● **EXERCISE DETAILS**
Using the data below, transcribe exactly everything from the line that contains "stu where ROWNUM<=3" down to the line that contains "Nel primo ambiente". Include both of those lines and none of the pictures.

Start of RECORDS SHOWN

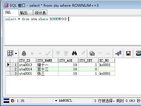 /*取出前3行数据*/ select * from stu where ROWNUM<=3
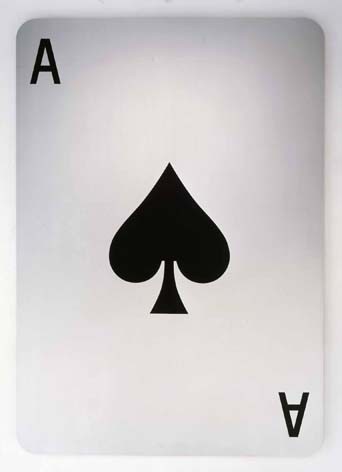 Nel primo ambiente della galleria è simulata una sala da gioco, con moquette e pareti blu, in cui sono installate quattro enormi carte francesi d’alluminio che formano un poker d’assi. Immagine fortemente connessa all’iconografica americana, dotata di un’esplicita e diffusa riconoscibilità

End of RECORDS SHOWN
Start of RECORDS SHOWN

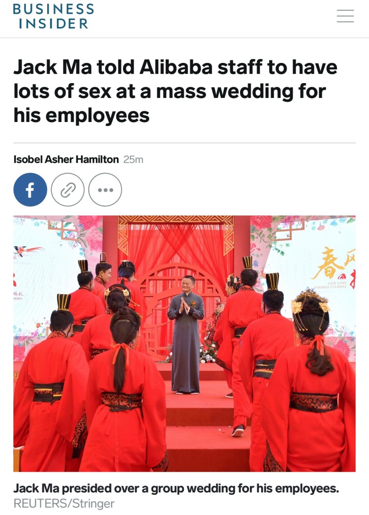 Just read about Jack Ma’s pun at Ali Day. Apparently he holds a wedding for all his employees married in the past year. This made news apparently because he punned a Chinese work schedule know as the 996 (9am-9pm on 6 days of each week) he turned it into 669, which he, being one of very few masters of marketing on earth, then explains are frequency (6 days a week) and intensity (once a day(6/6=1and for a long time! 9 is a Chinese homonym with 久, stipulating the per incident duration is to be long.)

End of RECORDS SHOWN
Start of RECORDS SHOWN

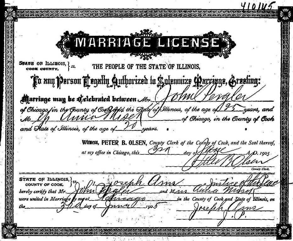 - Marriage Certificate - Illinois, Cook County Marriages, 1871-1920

End of RECORDS SHOWN

● **OUTPUT OF THE EXERCISE**
 /*取出前3行数据*/ select * from stu where ROWNUM<=3
 Nel primo ambiente della galleria è simulata una sala da gioco, con moquette e pareti blu, in cui sono installate quattro enormi carte francesi d’alluminio che formano un poker d’assi. Immagine fortemente connessa all’iconografica americana, dotata di un’esplicita e diffusa riconoscibilità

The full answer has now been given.